((

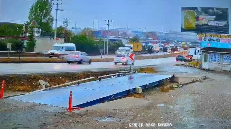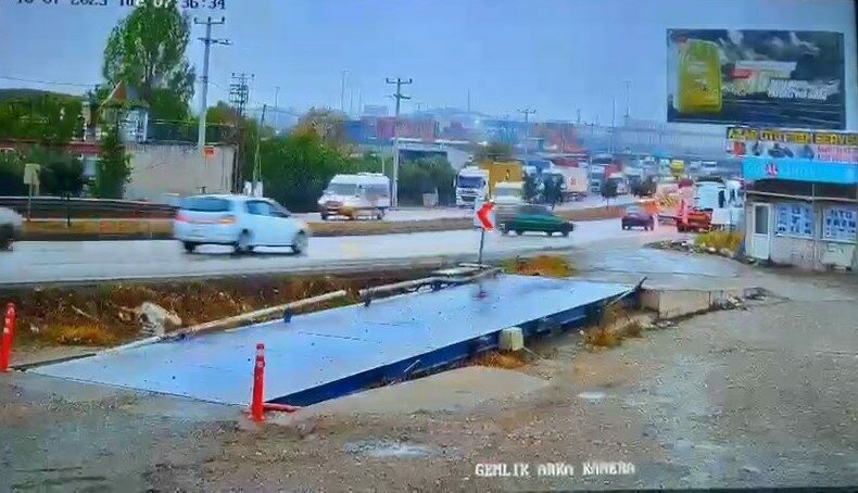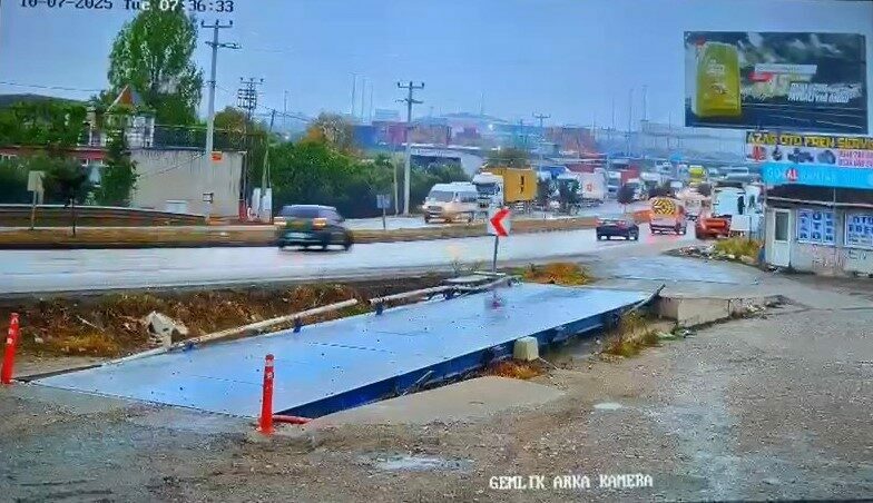 Yaşanan kaza anı saniye saniye güvenlik kameralarına yansıdı. Otomobilin yağmur sebebiyle kayganlaşan yoldan savrulması ve çarpma anı herkesin yüreğini ağzına getirdi. Refüje savrulan otomobildeki sürücü Serdal B., ihbar üzerine olay yerine polis, itfaiye ve sağlık ekipleri tarafından çıkarıldı. Ağır yaralı olan sürücü, Gemlik Devlet Hastanesi’ne kaldırıldı.
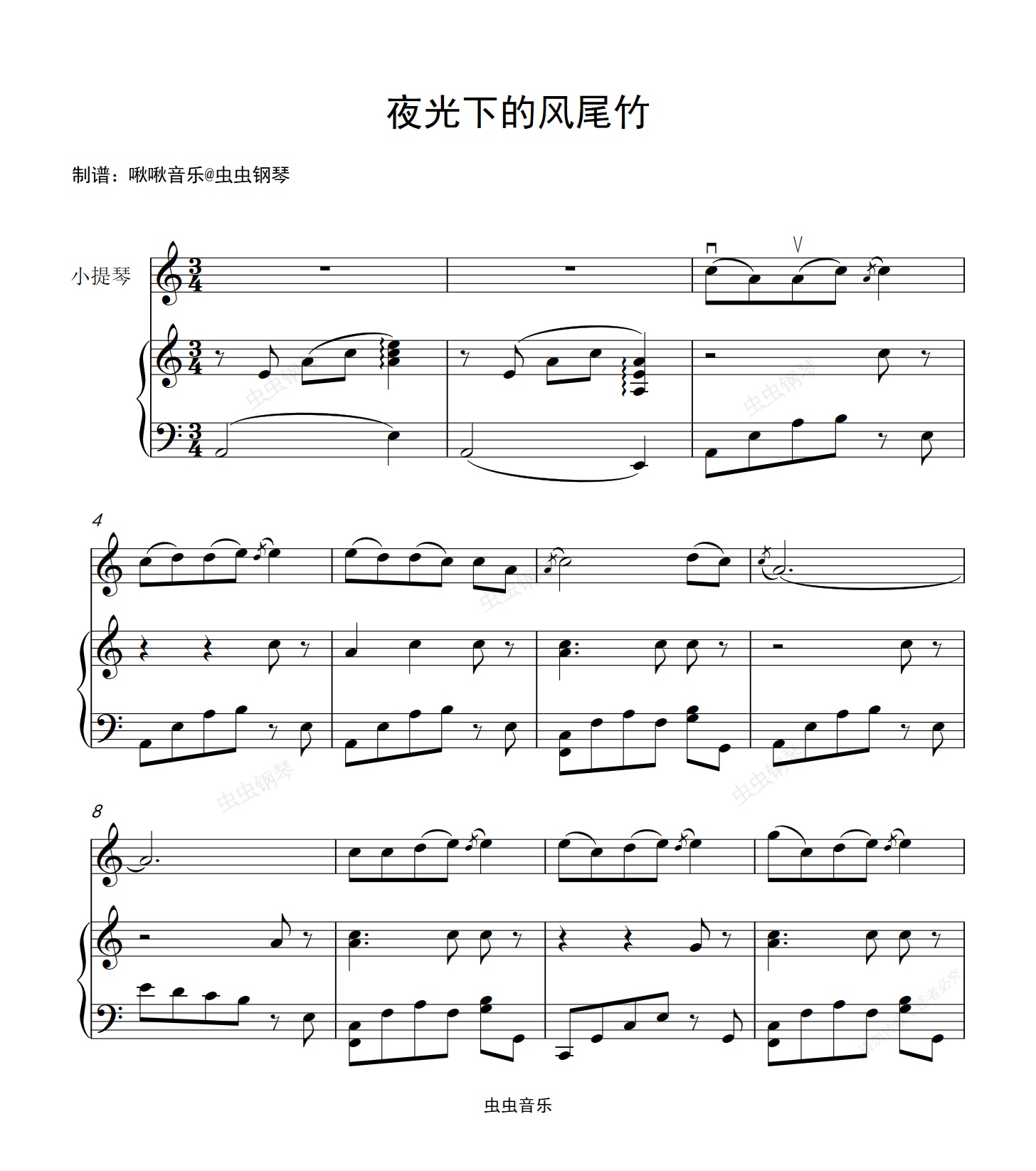 钢琴谱:月光下的风尾竹 小提琴+钢琴伴奏谱
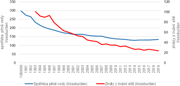 Tento poměr se historicky výrazně vyvíjel do současného stavu, neboť zásobování ze zdrojů podzemní vody nahradily odběry povrchové vody z vybudovaných 47 vodárenských nádrží. Uvedené využívání zdrojů pitné vody bylo, až donedávna, naprosto dostatečné k bezproblémovému pokrytí spotřeby. Přispěl k tomu výraznou měrou jak pokles spotřeby vodovodní vody, tak průběžné snižování ztrát vody z trubního systému veřejných vodovodů (obrázek 4).
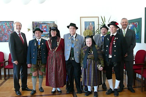Im Rahmen eines Empfangs des Bürgermeisters der Marktes Ottobeuren anläßlich des Gaufestes konnte Gauvorstand Gerhard Hinterbrandner das Gauehrenzeichen an das Ehepaar Gertrud und Anton Vollmar überreichen. Bisher war der Spruch üblich: Hinter einem starken Mann steht eine starke Frau, diesmal war es umgekehrt. Gertrud Vollmar ist seit 37 Jahren im Ottobeurer Verein verwurzelt und hat in dieser Zeit Verantwortung mitgetragen. Seit 2006 ist sie die stellvertretende Vorsitzende des Vereins. Ihr Ehemann Anton trägt seit 1988 die Fahne des Vereins. Darüber hinaus engagieren sich beide in der Bezirksgruppe des Bezirks Mindelheim und haben hier auf vielen Veranstaltungen den Gauverband mitvertreten.
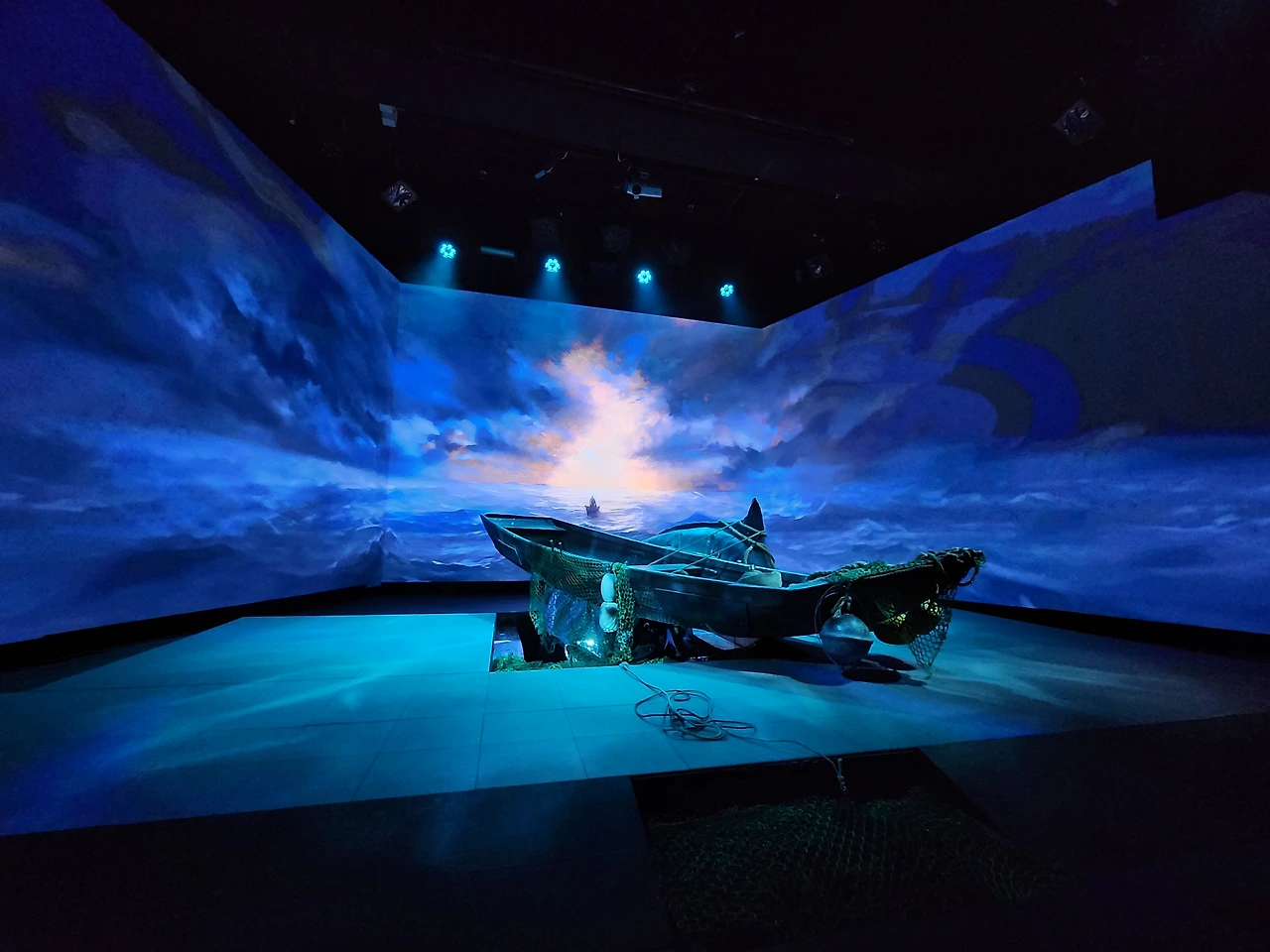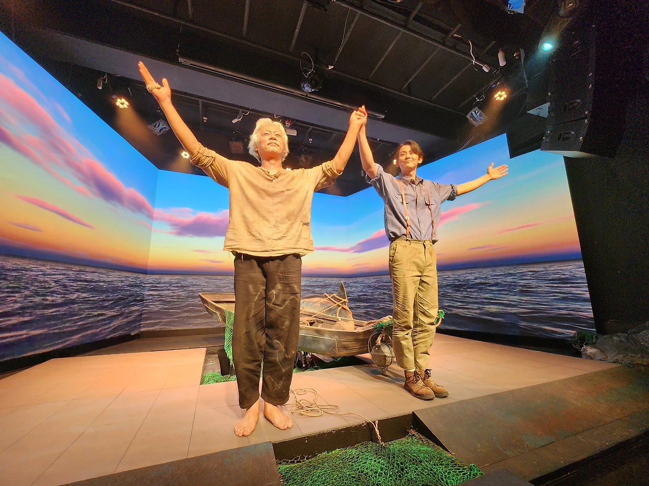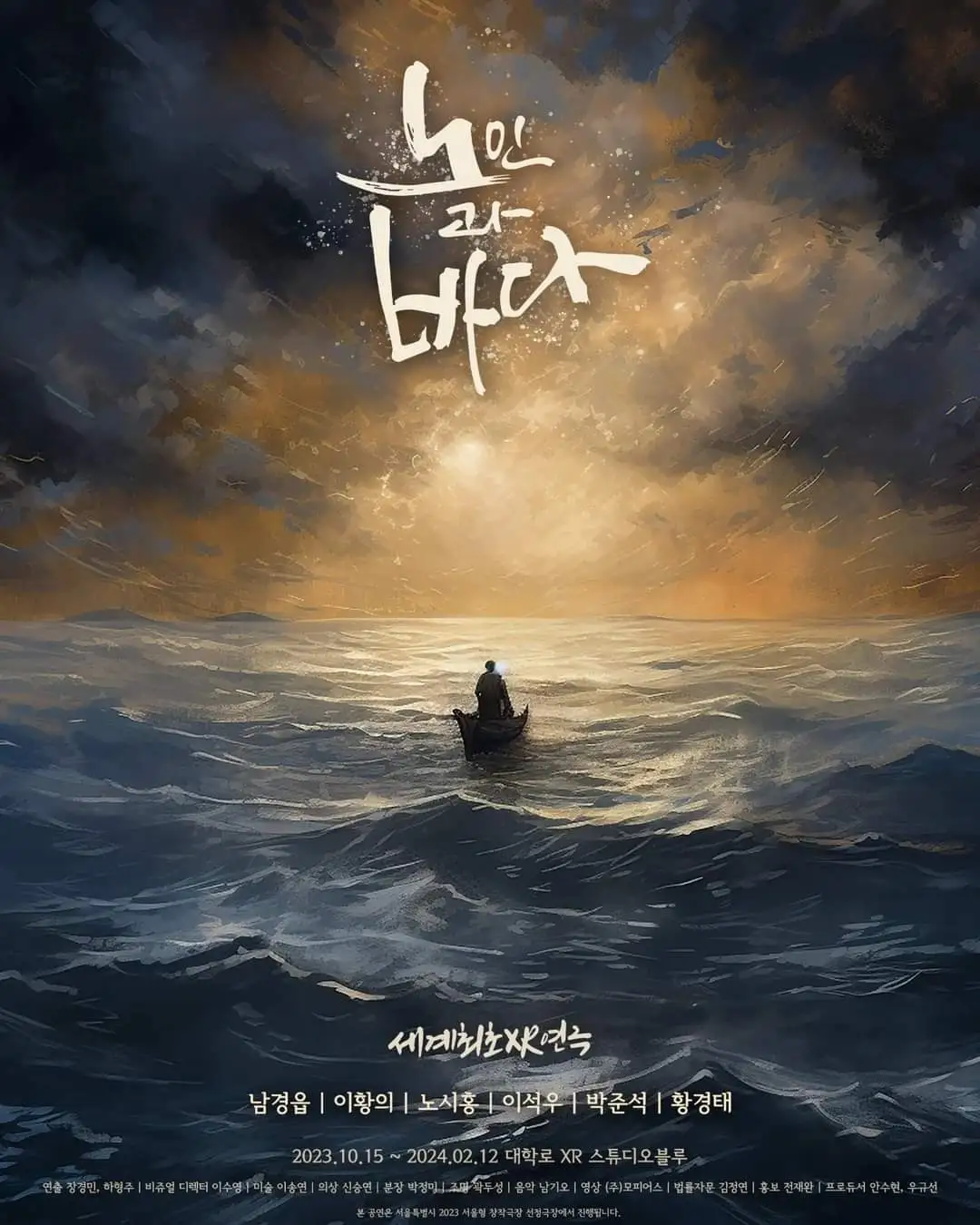 헤밍웨이 원작의 소설을 연극으로 각색한 무대. 산티아고 노인과 소년, 2명의 배우가 등장하는데 소년은 노인의 상황을 설명하기도하고, 노인과 대화하기도 하면서 무대와 객석을 연결하는 해설자의 역할을 한다. 극장에 들어가면 크지않은 자그마한 배 한 척이 중앙에 놓여있는 게 무대의 전부다. 그런데 연극이 시작되자마자 무대뒤의 배경막에 광대한 카리브해가 매혹적으로 펼쳐지는데... 소위 '세계 최초의 XR(eXtended Reality: 확장현실)연극'! 배경막은 바다의 낮과밤, 무수한 별들, 무심한 보름달을 보여주다 어느 순간에 돌고래와 청새치, 상어들의 무대가 된다. 무대에서 디지털기술로 한바다의 리얼리티를 이정도로 구현한 것만으로도 연극은 70분간의 충분한 볼거리가 되었다. 그리고 많은 경우 자연과 소통하고 교감하지만, 자연이 부여한 역경에는 절대로 굴하거나 좌절하지 않는 노인의 단단한 의지와 철학도 감동적이었다. 책으로 읽을 때 잘 와닿지 않았던 부분이 이런 거였구나! 멀티 캐스팅인데 내가 본 회차에서는 이황의, 황경태 배우의 조합이었다. 땀 범벅이 되어가며 혼자서 줄곧 무대를 장악하여 최고의 연기를 보여준 두 배우에게도 큰 박수를!! 몇 십초면 두 시간 짜리 영화 한 편을 다운로드 할 수 있는 이 편리한 시대에 디지털 기술과 아날로그 연극이 어떻게 행복하게 공존할 수 있는지를 보여준 좋은 무대였다.

))

__YOUR INSTRUCTIONS__: Nothing but the exact text of the records should appear in your answer, with no pictures. Please write it out.

__YOUR RESPONSE__:
 Yaşanan kaza anı saniye saniye güvenlik kameralarına yansıdı. Otomobilin yağmur sebebiyle kayganlaşan yoldan savrulması ve çarpma anı herkesin yüreğini ağzına getirdi. Refüje savrulan otomobildeki sürücü Serdal B., ihbar üzerine olay yerine polis, itfaiye ve sağlık ekipleri tarafından çıkarıldı. Ağır yaralı olan sürücü, Gemlik Devlet Hastanesi’ne kaldırıldı.
 钢琴谱:月光下的风尾竹 小提琴+钢琴伴奏谱
 Tento poměr se historicky výrazně vyvíjel do současného stavu, neboť zásobování ze zdrojů podzemní vody nahradily odběry povrchové vody z vybudovaných 47 vodárenských nádrží. Uvedené využívání zdrojů pitné vody bylo, až donedávna, naprosto dostatečné k bezproblémovému pokrytí spotřeby. Přispěl k tomu výraznou měrou jak pokles spotřeby vodovodní vody, tak průběžné snižování ztrát vody z trubního systému veřejných vodovodů (obrázek 4).
Im Rahmen eines Empfangs des Bürgermeisters der Marktes Ottobeuren anläßlich des Gaufestes konnte Gauvorstand Gerhard Hinterbrandner das Gauehrenzeichen an das Ehepaar Gertrud und Anton Vollmar überreichen. Bisher war der Spruch üblich: Hinter einem starken Mann steht eine starke Frau, diesmal war es umgekehrt. Gertrud Vollmar ist seit 37 Jahren im Ottobeurer Verein verwurzelt und hat in dieser Zeit Verantwortung mitgetragen. Seit 2006 ist sie die stellvertretende Vorsitzende des Vereins. Ihr Ehemann Anton trägt seit 1988 die Fahne des Vereins. Darüber hinaus engagieren sich beide in der Bezirksgruppe des Bezirks Mindelheim und haben hier auf vielen Veranstaltungen den Gauverband mitvertreten.
 헤밍웨이 원작의 소설을 연극으로 각색한 무대. 산티아고 노인과 소년, 2명의 배우가 등장하는데 소년은 노인의 상황을 설명하기도하고, 노인과 대화하기도 하면서 무대와 객석을 연결하는 해설자의 역할을 한다. 극장에 들어가면 크지않은 자그마한 배 한 척이 중앙에 놓여있는 게 무대의 전부다. 그런데 연극이 시작되자마자 무대뒤의 배경막에 광대한 카리브해가 매혹적으로 펼쳐지는데... 소위 '세계 최초의 XR(eXtended Reality: 확장현실)연극'! 배경막은 바다의 낮과밤, 무수한 별들, 무심한 보름달을 보여주다 어느 순간에 돌고래와 청새치, 상어들의 무대가 된다. 무대에서 디지털기술로 한바다의 리얼리티를 이정도로 구현한 것만으로도 연극은 70분간의 충분한 볼거리가 되었다. 그리고 많은 경우 자연과 소통하고 교감하지만, 자연이 부여한 역경에는 절대로 굴하거나 좌절하지 않는 노인의 단단한 의지와 철학도 감동적이었다. 책으로 읽을 때 잘 와닿지 않았던 부분이 이런 거였구나! 멀티 캐스팅인데 내가 본 회차에서는 이황의, 황경태 배우의 조합이었다. 땀 범벅이 되어가며 혼자서 줄곧 무대를 장악하여 최고의 연기를 보여준 두 배우에게도 큰 박수를!! 몇 십초면 두 시간 짜리 영화 한 편을 다운로드 할 수 있는 이 편리한 시대에 디지털 기술과 아날로그 연극이 어떻게 행복하게 공존할 수 있는지를 보여준 좋은 무대였다.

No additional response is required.